Most of the studies on miR‐125a‐3p/5p found that it was a tumor suppressor and was downregulated in lung cancer. Higher expression of miR‐125a may predict better survival in NSCLC patients.14, 34, 35, 36, 37Wang et al reported that miR‐125a, as a metastatic suppressor in lung cancer cells, activated by epidermal growth factor receptor (EGFR) signaling, inhibits tumorigenesis and tube formation.38 In our study, rs8111742 located 1033bp upstream of miR‐125a was associated with better survival in NSCLC patients. The SNP in A549 is marked by both enhancer (H3K4me1 and H3K27ac) and promoter (H3K4me3 and H3K9ac) according to HaploReg, indicating the region is active regulatory elements. It is possible that rs811742 might change the activity of the regulatory elements that harbor it, thus change the expression of miR‐125a, which is associated with the survival of NSCLC.

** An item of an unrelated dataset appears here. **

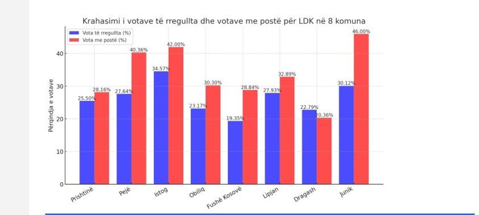 Në anën tjetër, në Pejë, LDK-ja renditet e dyta me 27.64 për qind apo 12 mijë e 318 vota, kurse edhe në votat me postë ,ajo është e dyta me 40.36 për qind apo 1326 vota.
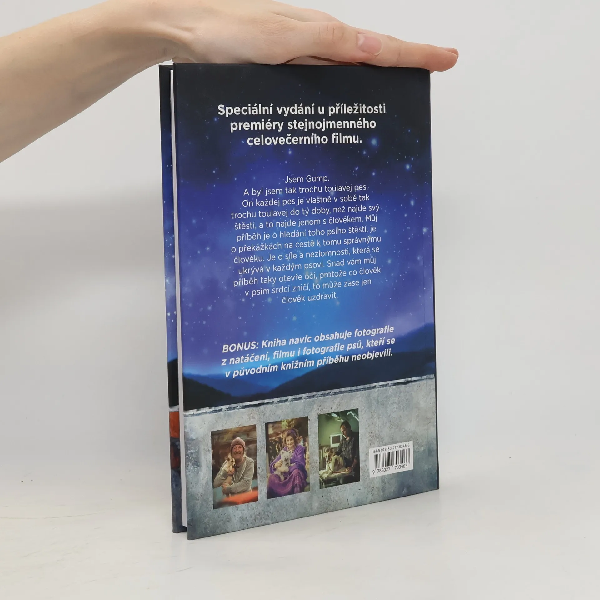 Srdceryvné vyprávění očima toulavého psa Gumpa. Příběh o cestě plné překážek a pastí, o lásce, která má sílu dosáhnout až za duhový most, o neochvějné psí obětavosti položit život za svého páníčka, o naději, kterou nespoutá ani ten nejpevnější řetěz, ale také o zvířecí moudrosti, která nám lidem otevírá oči. Gump přináší syrový a autentický příběh, vystavěný z reálných zkušeností člověka, který se celý svůj život věnuje záchraně týraných psů, odhalování psích množíren a napravování křivd, kterých se lidé v bezcitné honbě za penězi dopouštíi na nejlepším příteli člověka. Je to kniha bez příkras a hollywoodského zjemňování. Jako bychom nahlédli do hlavy toulavého psa Gumpa a viděli všechno, co si prožil, jeho očima. Autor se setkal s trýznivými psími osudy a s jejich zážitky, nad kterými někdy zůstává rozum stát. Touto knihou chce lidem otevřít oči a ukázat jim, že každý z nás může pomoci, pokud si začne všímat dění kolem sebe, a přestane spoléhat, že situaci napraví někdo jiný. Až pochopíme, co nám psí duše dokážou nabídnout, může být náš život mnohem bohatší. Knihu doplňují krásné akvarelové ilustrace Weroniky Gray a fotografie lidí a psů, kterými se autor v příběhu Gumpa inspiroval.

Several limitations of our study are needed to be addressed. First of all, a relatively small sample size could confine the statistical power of the study, especially in the interaction analysis, and additional larger scale population‐based studies are needed to reinforce the reliability of our results. Secondly, as a hospital‐based study, intrinsic selection bias cannot be entirely excluded. Thirdly, when taking multi comparison into consideration, two SNPs remained significant (P adj=0.023 for both rs2241490 and rs512932) except rs8111742 (P adj = 0.056) in dominant models after using false discovery rate (FDR). Finally, although higher luciferase activity of reporter plasmids containing rs512932 variant G allele in three cell lines was observed, evidence from lung cancer tissue with the same origin of the blood specimen analyzed was limited. And we were unable to clarify real biological effects derived from allele difference. Further functional studies on cell lines or tissues may help to confirm and expand our findings. Nevertheless, this is the first ever to examine the association between the polymorphisms of miR‐125 family and prognosis of NSCLC, and provided valuable information for future researches and clinical practice.

This study indicated that rs2241490, rs512932 and rs8111742 in miR‐125 family were associated with the prognosis of NSCLC patients in a Chinese population. Larger population‐based and functional studies are needed to verify these findings.

CONFLICT OF INTEREST

The authors have declared that no competing interests exist.